そう、もう6年前になりますが、大河ドラマ「西郷どん」でブームを呼んだ、あの「西郷隆盛」です。
何故、西郷隆盛を描いた絵が五稜郭タワーにあるのかという疑問がありますが、その点に関して函館の歴史に関する書物を読んでみると、箱館戦争の時、西郷隆盛が箱館に来ていたのと噂があるのだそうです。
もしかしたら、今後ガイドをする中で、この点について尋ねられる可能性もあるので、読んだ本の記載を引用する形で自分なりに整理してみました。

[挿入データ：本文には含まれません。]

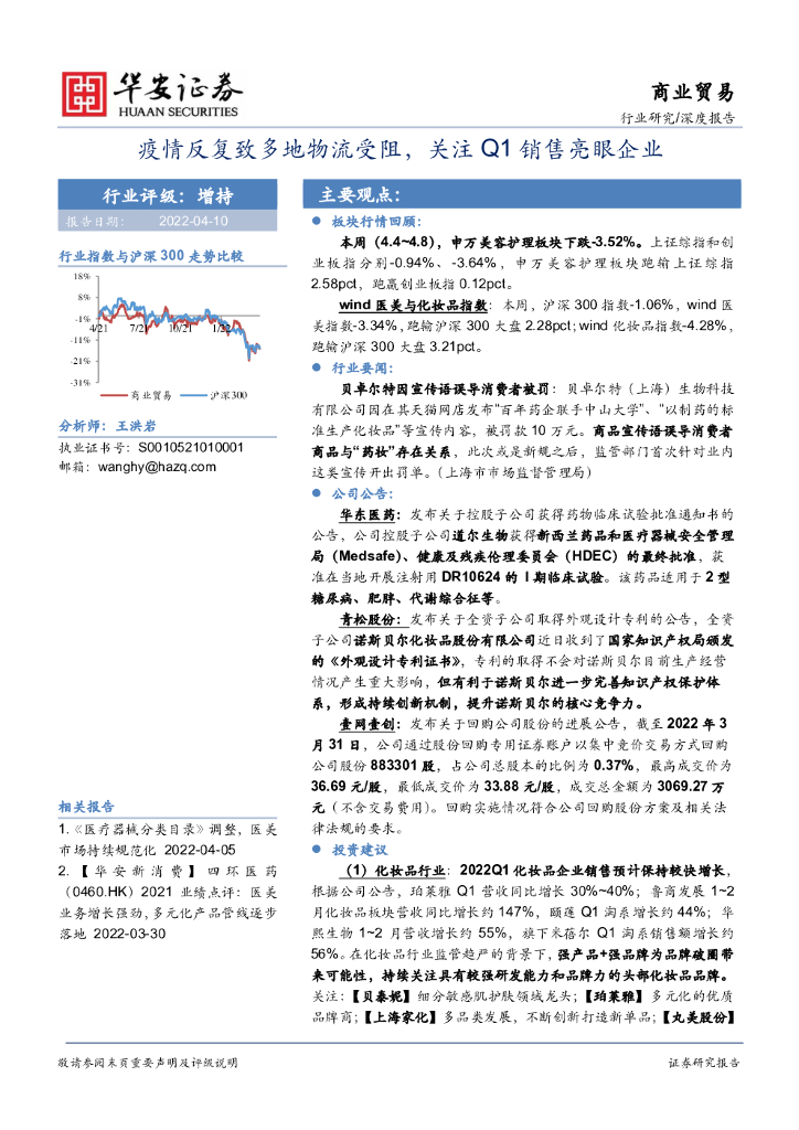 华安证券:商业贸易深度报告:疫情反复致多地物流受阻,关注Q1销售亮眼企业.pdf

細かい部分では違いはあるようだけど、概ね次のような経過だったようです。
箱館戦争において新政府軍が蝦夷地(道南の乙部町)に上陸し、戦闘が拡大していったさ中の1869年5月1日(旧暦)、薩摩藩の西郷隆盛は、腹心の部下であり、新政府軍の軍監であった黒田清隆(後の北海道開拓使長官)を心配して出航し、5日に品川に到着しました。
その後、25日になって、西郷の乗る「三邦丸」が箱館沖に姿を現したそうですが、箱館戦争は、17日に榎本武揚らが新政府軍に降伏し、翌18日に、旧幕府軍の占領下にあった五稜郭が明け渡されたことで終結していたことから、西郷らは、上陸することなくそのまま帰還していったとされています。
よって、答えとしては、「箱館にやっては来たけれど、既に箱館戦争が終結しており、上陸も参戦もしていない。」ということになるのだと思います。
黒田清隆は西郷と同じ薩摩藩の人物でしたが、新政府軍には長州藩から派遣された軍監もいて、5月1日時点で長州藩は「箱館戦争の大勢は決まっており、西郷が箱館に着くころには終わっているだろう」と読んでいたいたそうで、実際そのとおりの結末になったということでした。
これが例えば、既に箱館戦争は終結していたけれど、腹心の部下であった黒田清隆を労うなどの名目で上陸でもしていたら、現在の函館港のどこかに、上陸記念碑みたいなものができていて、話題になったりしていたのかもしれないなと、本を読んでいて思いました。